(Beginning of Data excerpt)

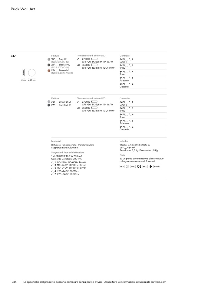 Le specifiche del prodotto possono cambiare senza previo avviso. Consultare le informazioni attualizzate su vibia.com
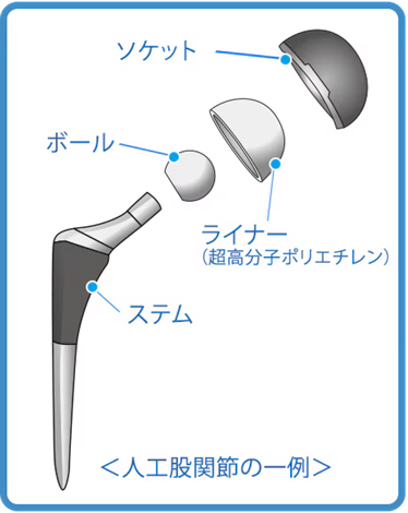手術では、まず変形した大腿骨頭を根元から切除し、傷んだ寛骨臼の表面の骨を削って取り除きます。寛骨臼側には金属のカップを骨に固定し、そのカップの内側に超高分子量ポリエチレン製の人工の軟骨(ライナー)をはめ込みます。大腿骨側には杭状の金属(ステム)を骨の中に挿入し、その先にセラミック製の人工の骨頭(ヘッド)を設置します。人工股関節はライナーとヘッドの間で滑らかに動く構造になっています。
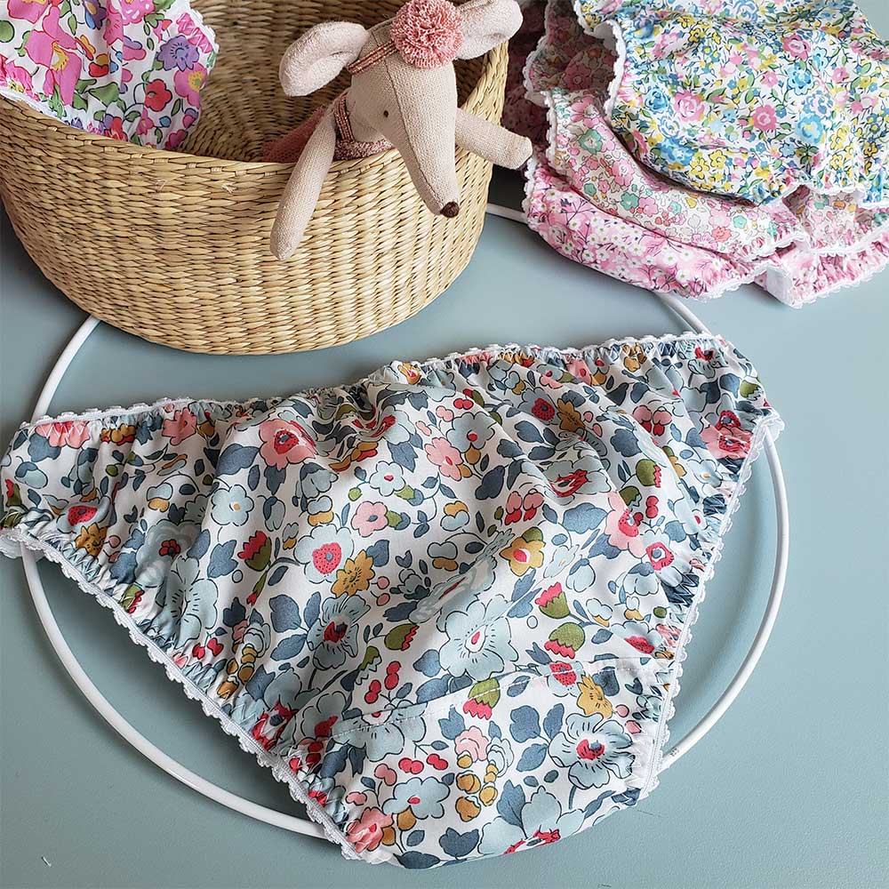 Une culotte en tissu Liberty cousue avec soin dans l’atelier d’Astrid à Choezau en Isère.
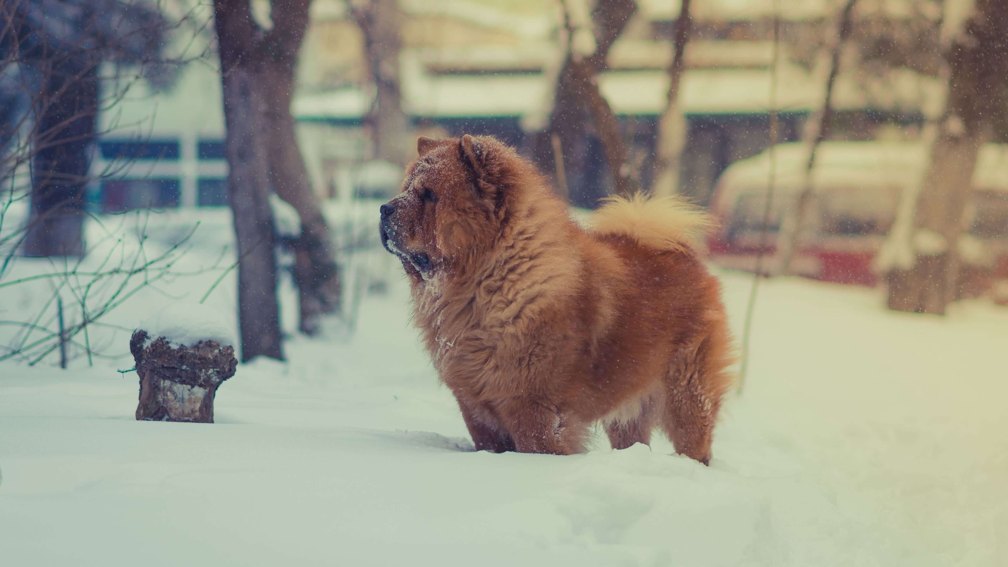 Chow chow dog snow 4k wallpaper

(End of Data excerpt)

### Aim of the exercise
All of the data must be repeated exactly, except for the pictures.

### Written answer
 Le specifiche del prodotto possono cambiare senza previo avviso. Consultare le informazioni attualizzate su vibia.com
手術では、まず変形した大腿骨頭を根元から切除し、傷んだ寛骨臼の表面の骨を削って取り除きます。寛骨臼側には金属のカップを骨に固定し、そのカップの内側に超高分子量ポリエチレン製の人工の軟骨(ライナー)をはめ込みます。大腿骨側には杭状の金属(ステム)を骨の中に挿入し、その先にセラミック製の人工の骨頭(ヘッド)を設置します。人工股関節はライナーとヘッドの間で滑らかに動く構造になっています。
 Une culotte en tissu Liberty cousue avec soin dans l’atelier d’Astrid à Choezau en Isère.
 Chow chow dog snow 4k wallpaper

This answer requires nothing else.